First off, I immediately felt much older than my 32 years on this planet should make me feel. Secondly, I took note of what the kid DID like... hip-hop and rap. Nothing wrong with that at all, except that even the artists themselves pay attention to and borrow from other genres, so one would think fans like this kid might as well. Then again, when you're set in your ways of listening to your genre of music on either a Pandora channel that you set up to only play that type of music, a satellite radio channel that only plays that type of music, or a terrestrial Urban or Rhythmic station that only plays that type of music, why would we expect you to hear anything else? For that matter, when you listen to a pop station that doesn't play any rock, why would we expect you to know anything about rock?

Bringing me back to my original concerns stemming from this Rolling Stone piece. Speaking of PPMs, the RS piece references the fickle nature of PPM numbers that sink whenever a new or unfamiliar song comes on, leading Rock stations to lean on their catalog more and take fewer chances. I might add it also leads them to stick to the same sound (aggro, male-centric, minor chords) and continue to play the same soundalike bands for fear that anything with a different sound will drive listeners away. Of course, that same sound is precisely WHAT is driving a lot of listeners away, because they are just plain SICK of it. Thus it becomes a vicious cycle. Rock stations try so hard to hang onto their precious P1s (the core audience of their station) that they don't care if everyone else stops listening. End result: smaller audience and fewer opportunities for new and different bands to break through. Again, it's the damn computers and consultants.

Worse though are the two quotes that close the article. The first comes from a spokesperson at CBS Radio, who stated that the changes in NYC and Chicago "shouldn't spell the demise of the entire format. Clearly we have several stations thriving in the format." Apparently, CBS didn't think that WKRK in Cleveland (#12 in the overall ratings there with a pretty respectable 3 share) was one of them, because they just blew that Alternative station up and flipped it to Sports Talk. This leaves the people of Cleveland with two rock stations, a classic rock station and heritage rocker WMMS, which being billed as Active Rock leaves me thinking that you likely won't hear any Mumford & Sons or Death Cab for Cutie or Blink-182 on Rock radio in Cleveland any time soon... or any WOMEN, for that matter. The second quote comes from the owner of Glassnote Records, home of Mumford & Sons and Phoenix, who says that if he were CBS Radio, he would launch a hip rock station in New York in a heartbeat. Except CBS HAD an Alt-Rock station in NYC... it was called K-Rock... and they blew it up 2 1/2 years ago.

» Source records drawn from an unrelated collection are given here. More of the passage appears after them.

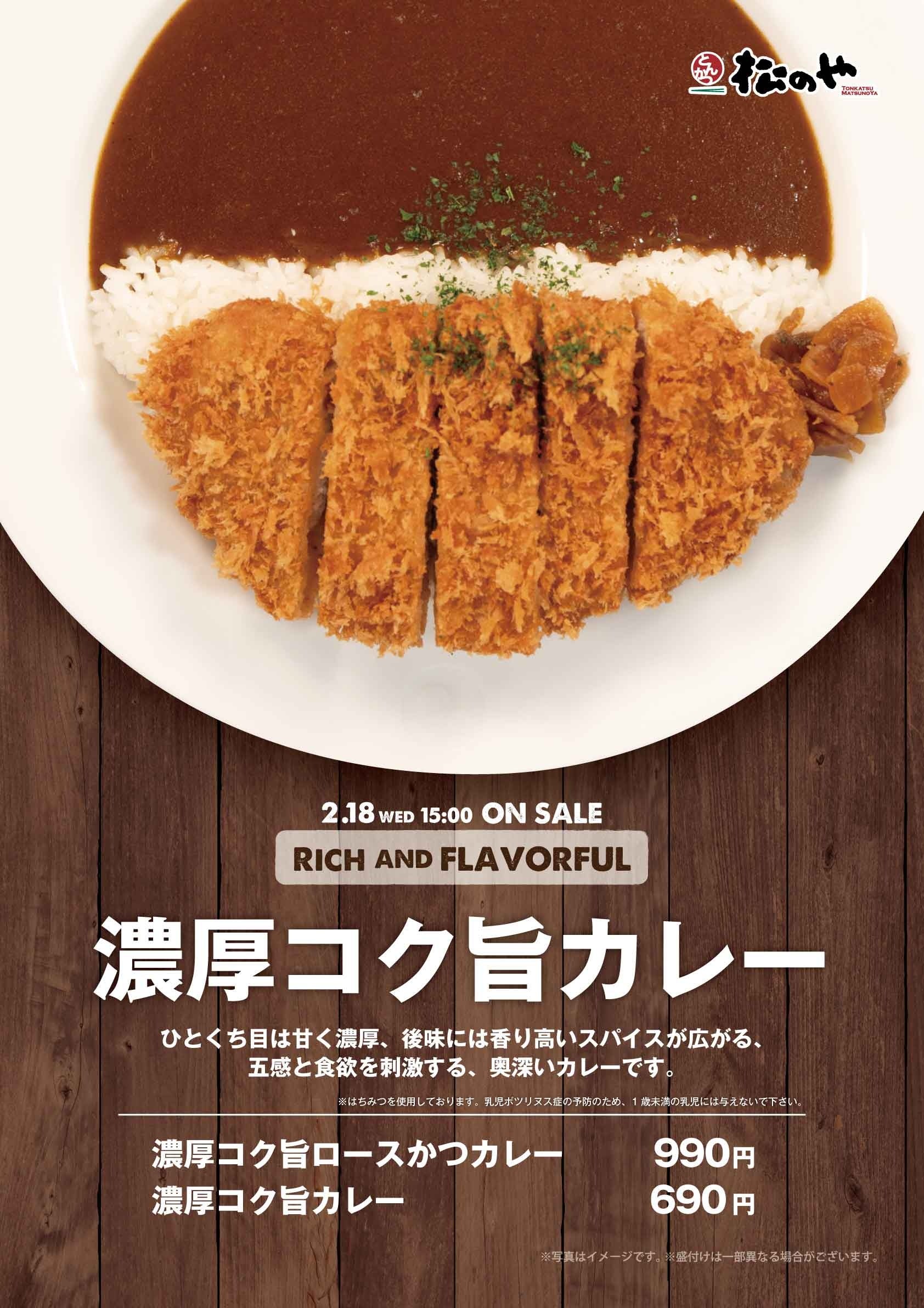 株式会社松屋フーズ(本社:東京都武蔵野市、代表取締役社長:瓦葺 一利)では、とんかつ専門店の「松のや」におきまして、2026年2月18日(水)午後3時より、「濃厚コク旨カレー」を発売いたします。
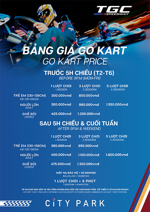 Giá vé Go Kart Global City được thiết kế phù hợp với nhiều đối tượng, dao động tùy theo thời gian và loại xe:
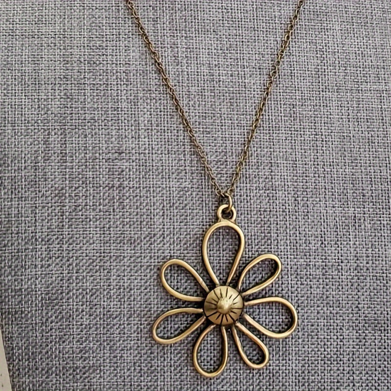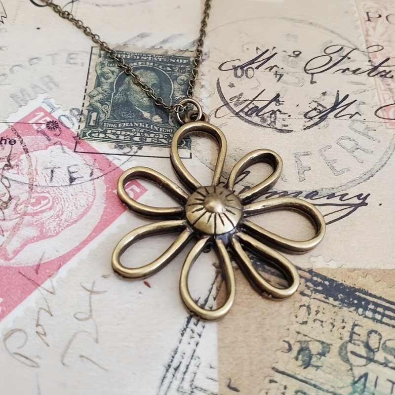 Ladies' retro copper flower pendant necklace, alloy, simple design, exquisite chain, suitable for daily wear, charm necklace

So what makes a Rock station worth keeping anymore? I'd say great personalities and a real connection with the audience, but K-Rock had Opie & Anthony and WRXP had Matt Pinfield, and that didn't mean a damn thing. For that matter, all the years of great radio from great DJs and goodwill built up with fans couldn't save the mighty KMET in Los Angeles from becoming a corporate casualty all the way back in 1987. So no matter how much the people lament the loss of such stations, it seems that once again, the people in charge care only about the bottom line and the consultant's numbers, rather than their audience.

Not only are the listeners noticing this, so are the people running the new rival services threatening to take away terrestrial radio's audience. The Senior VP of Marketing at Slacker Radio (another web-based radio service, like Pandora) stated that radio has gotten away from what it does best (expert programming and tailoring to an audience) and become "generic hit machines." In confronting terrestrial radio, he pretty much tells the industry that it has two options: go back to caring about your audience, or we'll do it for you and you can kiss your listeners goodbye. One has to wonder if owners of Rock stations are truly getting the message.